Your instructions:
A verbatim copy of all the data is required; the pictures should not appear in it.

Collected data:
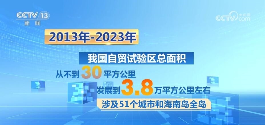 十年間,我國(guó)自貿(mào)試驗(yàn)區(qū)的總面積從不到30平方公里發(fā)展到3.8萬平方公里左右,涉及51個(gè)城市和海南島全島。今年上半年,我國(guó)自貿(mào)試驗(yàn)區(qū)以不到千分之四的國(guó)土面積,實(shí)現(xiàn)了占全國(guó)18.4%的外商投資和18.6%的進(jìn)出口總額,帶動(dòng)全國(guó)形成了覆蓋東西南北中、統(tǒng)籌沿海內(nèi)陸沿邊的改革開放創(chuàng)新格局。
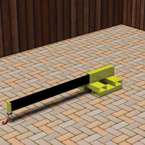 - Como Brazo de Carga (Posición Longitudinal): Acoplado a las horquillas en la misma dirección del avance, actúa como un brazo de carga tradicional, ideal para izar y mover cargas suspendidas.
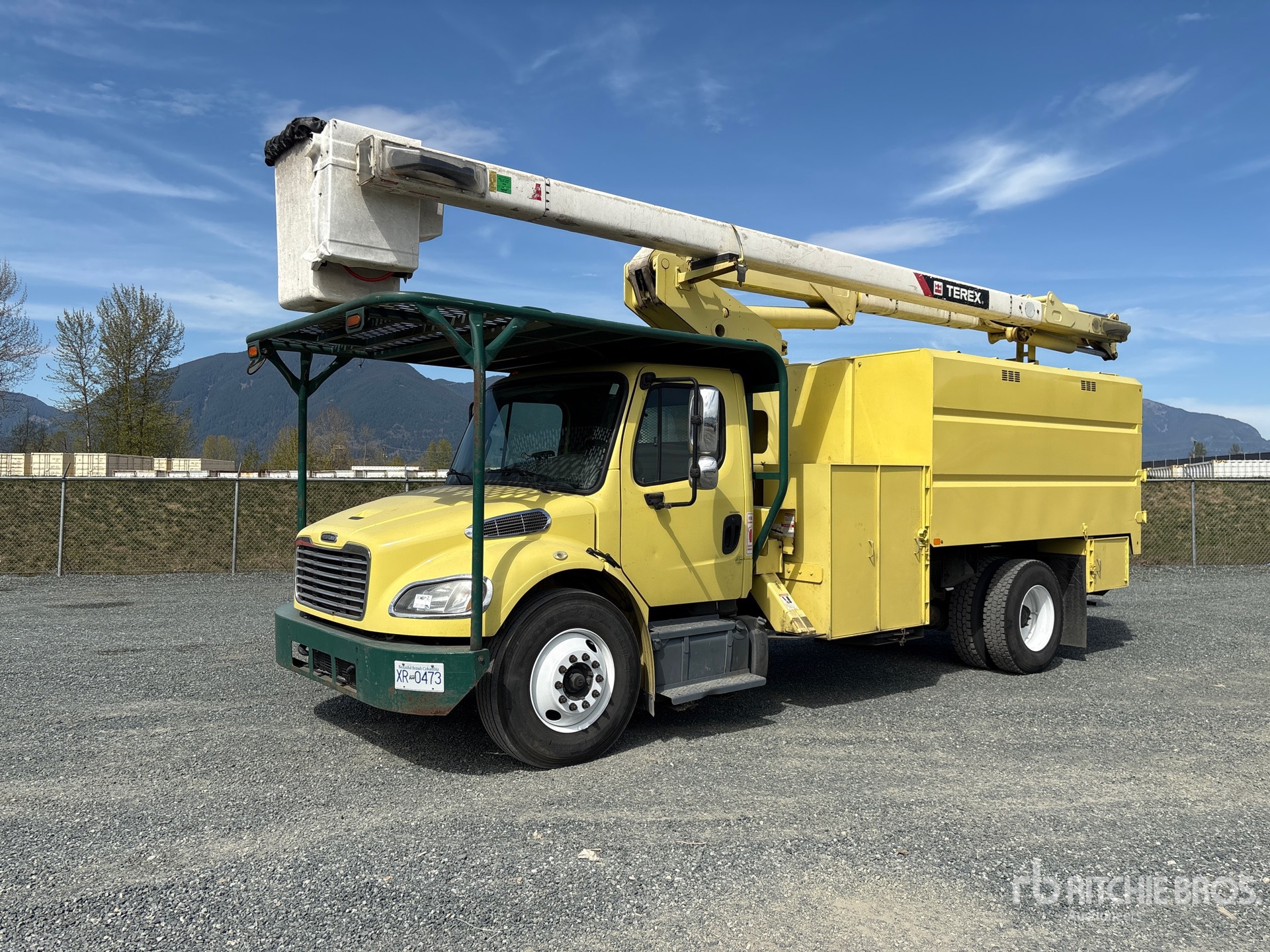 Cummins ISB 6 Cylinder 6.7 L Diesel 250 hp Engine, 2013 US EPA Label, CARB Compliant, 11910 Engine hrs, Allison 3500 Automatic Transmission, 12000 lb Front Axle, 21000 lb Rears, 33000 lb GVWR, 11R22.5, Spring Suspension, 200 in Wheelbase, PTO, Terex XT60, 60 ft Platform Height, Insulated Boom, 1 Person Bucket, 12 ft Box, Double Swing Endgate

Answer section:
 十年間,我國(guó)自貿(mào)試驗(yàn)區(qū)的總面積從不到30平方公里發(fā)展到3.8萬平方公里左右,涉及51個(gè)城市和海南島全島。今年上半年,我國(guó)自貿(mào)試驗(yàn)區(qū)以不到千分之四的國(guó)土面積,實(shí)現(xiàn)了占全國(guó)18.4%的外商投資和18.6%的進(jìn)出口總額,帶動(dòng)全國(guó)形成了覆蓋東西南北中、統(tǒng)籌沿海內(nèi)陸沿邊的改革開放創(chuàng)新格局。
 - Como Brazo de Carga (Posición Longitudinal): Acoplado a las horquillas en la misma dirección del avance, actúa como un brazo de carga tradicional, ideal para izar y mover cargas suspendidas.
 Cummins ISB 6 Cylinder 6.7 L Diesel 250 hp Engine, 2013 US EPA Label, CARB Compliant, 11910 Engine hrs, Allison 3500 Automatic Transmission, 12000 lb Front Axle, 21000 lb Rears, 33000 lb GVWR, 11R22.5, Spring Suspension, 200 in Wheelbase, PTO, Terex XT60, 60 ft Platform Height, Insulated Boom, 1 Person Bucket, 12 ft Box, Double Swing Endgate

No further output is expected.